◆ INPUT FOR THIS TASK

◆ ◆ ◆ ◆ ◆

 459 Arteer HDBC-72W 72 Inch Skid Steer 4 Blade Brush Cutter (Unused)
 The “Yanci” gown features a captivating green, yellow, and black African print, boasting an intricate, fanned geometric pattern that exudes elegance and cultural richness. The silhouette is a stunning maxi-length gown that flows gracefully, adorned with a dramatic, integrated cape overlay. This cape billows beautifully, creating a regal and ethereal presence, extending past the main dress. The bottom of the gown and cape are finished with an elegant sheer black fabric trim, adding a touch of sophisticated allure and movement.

◆ ◆ ◆ ◆ ◆

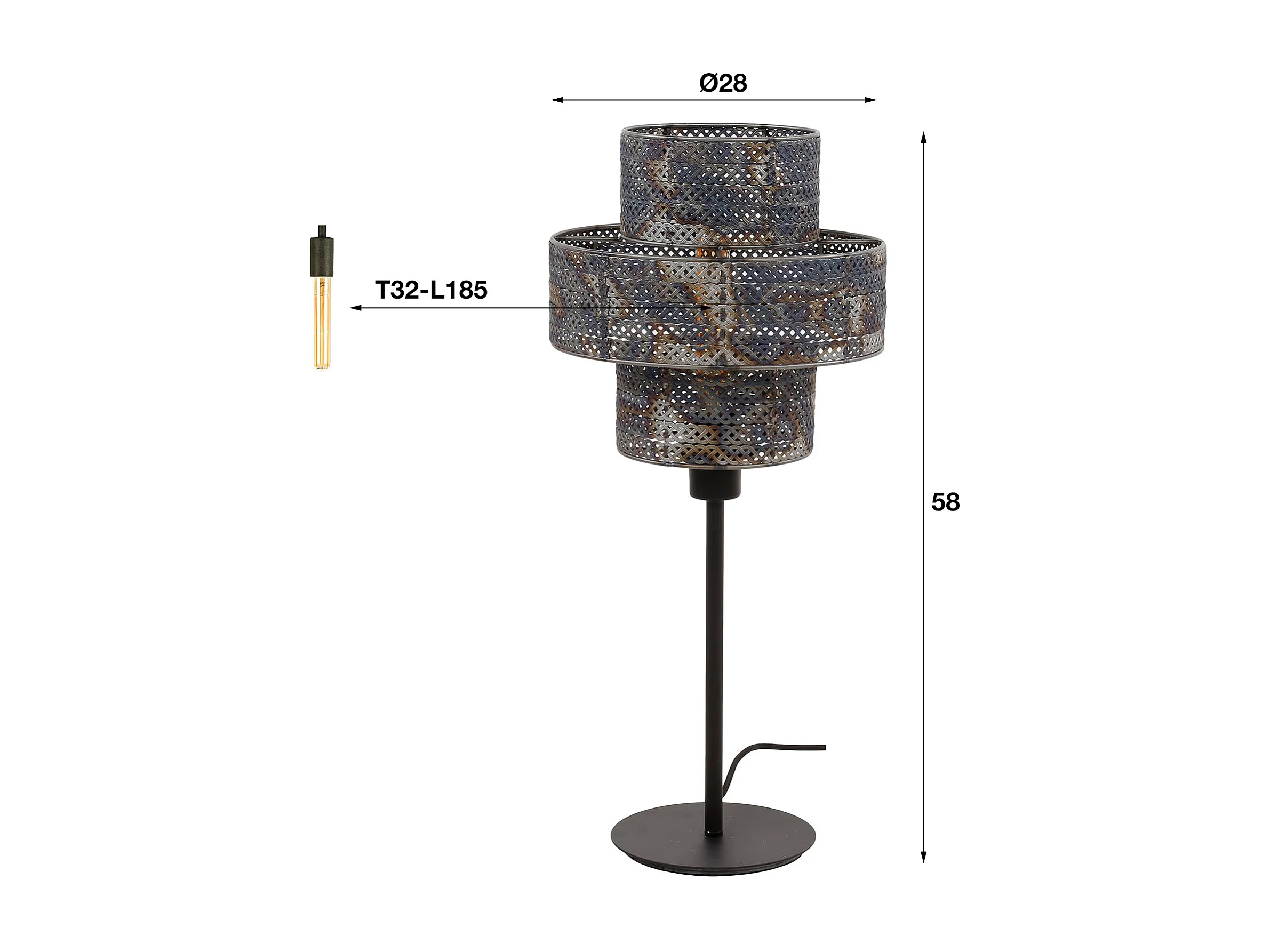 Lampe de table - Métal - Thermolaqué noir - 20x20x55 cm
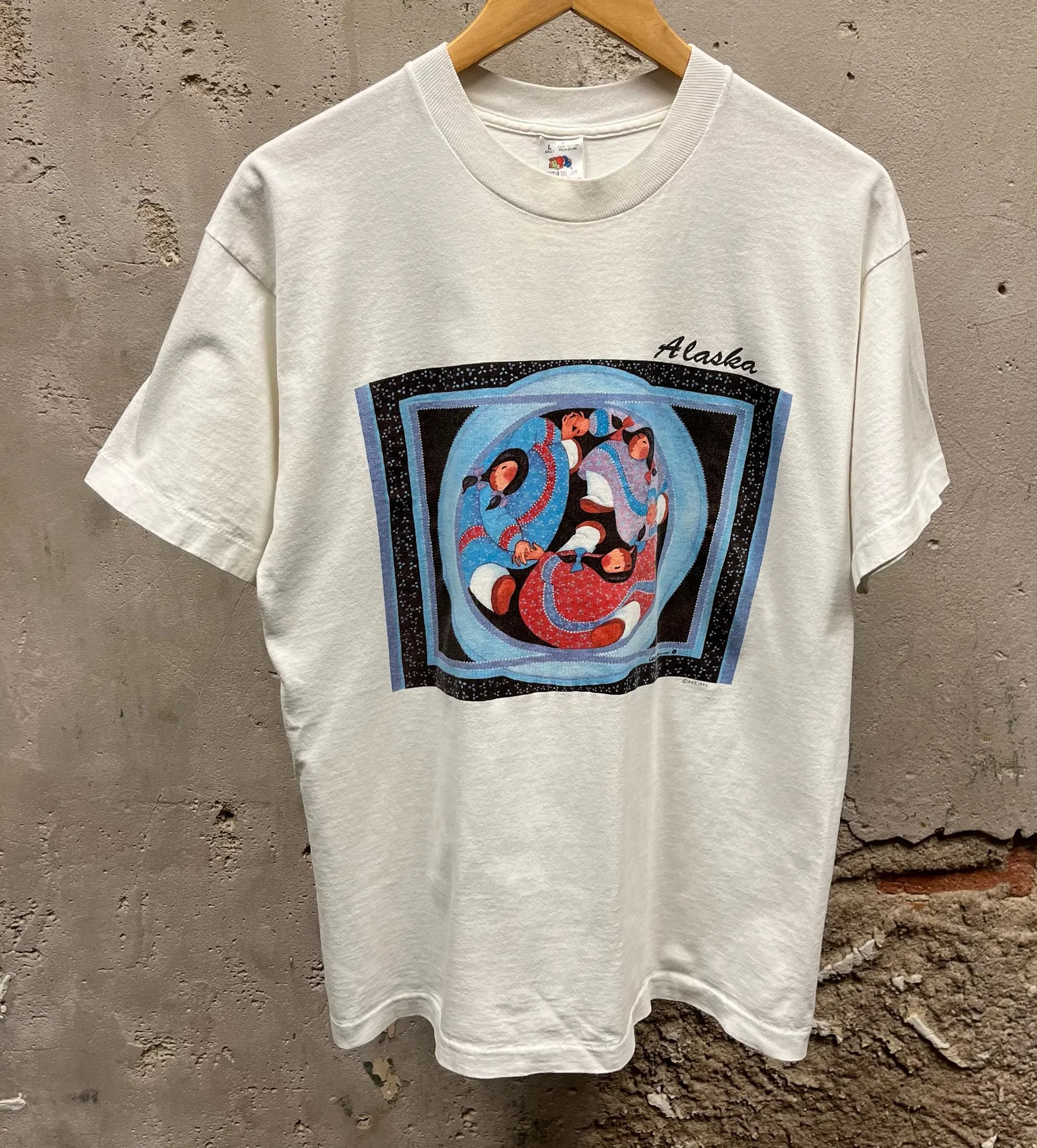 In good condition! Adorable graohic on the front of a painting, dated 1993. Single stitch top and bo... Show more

◆ ◆ ◆ ◆ ◆

◆ EXERCISE DESCRIPTION
What is needed is an exact copy of only the lines above from the one with "Lampe de table" to the one with "In good condition!", both kept, with every picture left out.

◆ EXERCISE ANSWER
 Lampe de table - Métal - Thermolaqué noir - 20x20x55 cm
 In good condition! Adorable graohic on the front of a painting, dated 1993. Single stitch top and bo... Show more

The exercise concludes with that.